DATASET EXCERPT:
--------------------

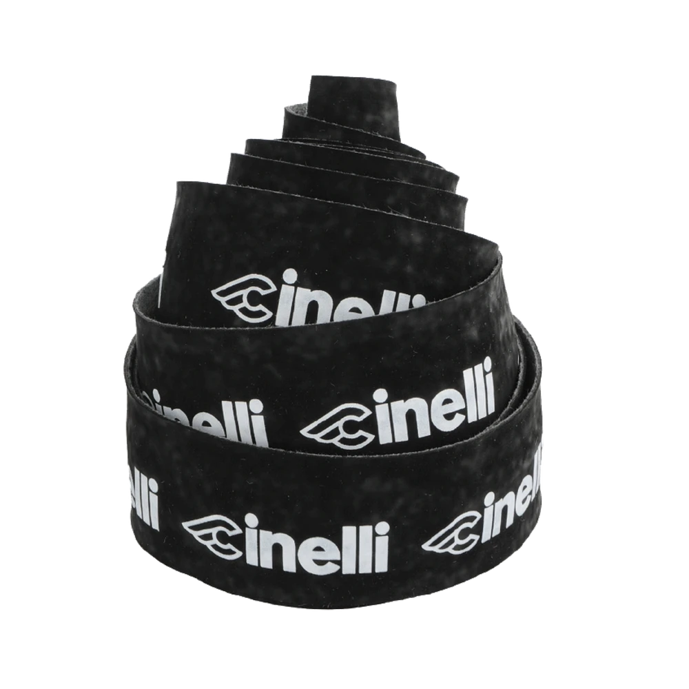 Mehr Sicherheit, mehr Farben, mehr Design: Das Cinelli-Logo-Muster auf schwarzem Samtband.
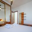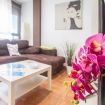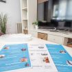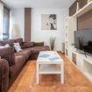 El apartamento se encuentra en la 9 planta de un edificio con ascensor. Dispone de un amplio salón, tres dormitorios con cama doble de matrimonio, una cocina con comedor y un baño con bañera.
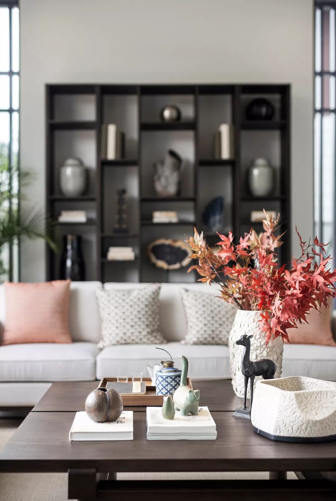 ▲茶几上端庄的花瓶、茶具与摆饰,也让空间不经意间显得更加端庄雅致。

--------------------

WHAT TO DO: If the listing above includes images, copy every line of it exactly except those images.

EXERCISE RESULT:
 Mehr Sicherheit, mehr Farben, mehr Design: Das Cinelli-Logo-Muster auf schwarzem Samtband.
 El apartamento se encuentra en la 9 planta de un edificio con ascensor. Dispone de un amplio salón, tres dormitorios con cama doble de matrimonio, una cocina con comedor y un baño con bañera.
 ▲茶几上端庄的花瓶、茶具与摆饰,也让空间不经意间显得更加端庄雅致。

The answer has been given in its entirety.